In an optional embodiment, within a preset duration, the processor in the gateway device controls the gateway device to send power status information to the preset platform through the mobile network data, where the power status information at least includes a power supply status of a power supply that supplies power to the gateway device.
Optionally, when the capacitor of the electric energy storage unit is started to supply power to the network device, the processor in the gateway device senses the power state information through the sensor, and controls the gateway device to send the power state information to the preset platform through the mobile network data. For example, when the sensor senses that the network device enters a power-off state, the processor in the gateway device may activate the capacitor to power the network device. Meanwhile, within the preset duration of the capacitor power supply, the processor transmits the power supply state information of the power supply fault to the preset platform so as to inform technicians that the network equipment is in fault. When the sensor senses that the network equipment recovers to a normal power supply state within the preset time, the processor can transmit the power supply state information of power supply fault restoration to the preset platform again.
In the process, the capacitor can supply power for the gateway equipment within preset time, so that the processor in the gateway equipment can send the abnormal power supply information to the preset platform within the preset time in time, and the problems that the existing gateway equipment is difficult to report the final abnormal power supply information to the preset platform and the gateway equipment lacks real-time working state sensing management are solved.

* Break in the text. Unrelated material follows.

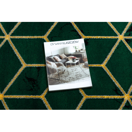Dywan EMERALD ekskluzywny 1014 glamour, stylowy kostka butelkowa zieleń / złoty | MakataSolution

As can be seen from the above, in the embodiment of the present invention, the gateway device intercepts the data packet sent by the cloud server to the terminal device, and further performs security monitoring on the data packet, thereby realizing the effect of actively monitoring the data safely and finding the hidden risk of the data transmission in time in the data transmission process, avoiding the situation that in the data transmission process, due to the lack of monitoring on the data, the resulting data is exposed in the internet, is easy to be attacked or intercepted by malicious programs, in addition, the network connection between the gateway equipment and the cloud server can be controlled according to the target detection result obtained by the safety monitoring, thereby realizing the effects of timely and actively disconnecting the network connection and interrupting the further transmission of the abnormal data when the abnormal data packet is found, and then the risk of data leakage is avoided, and the data security in the data transmission process is greatly improved.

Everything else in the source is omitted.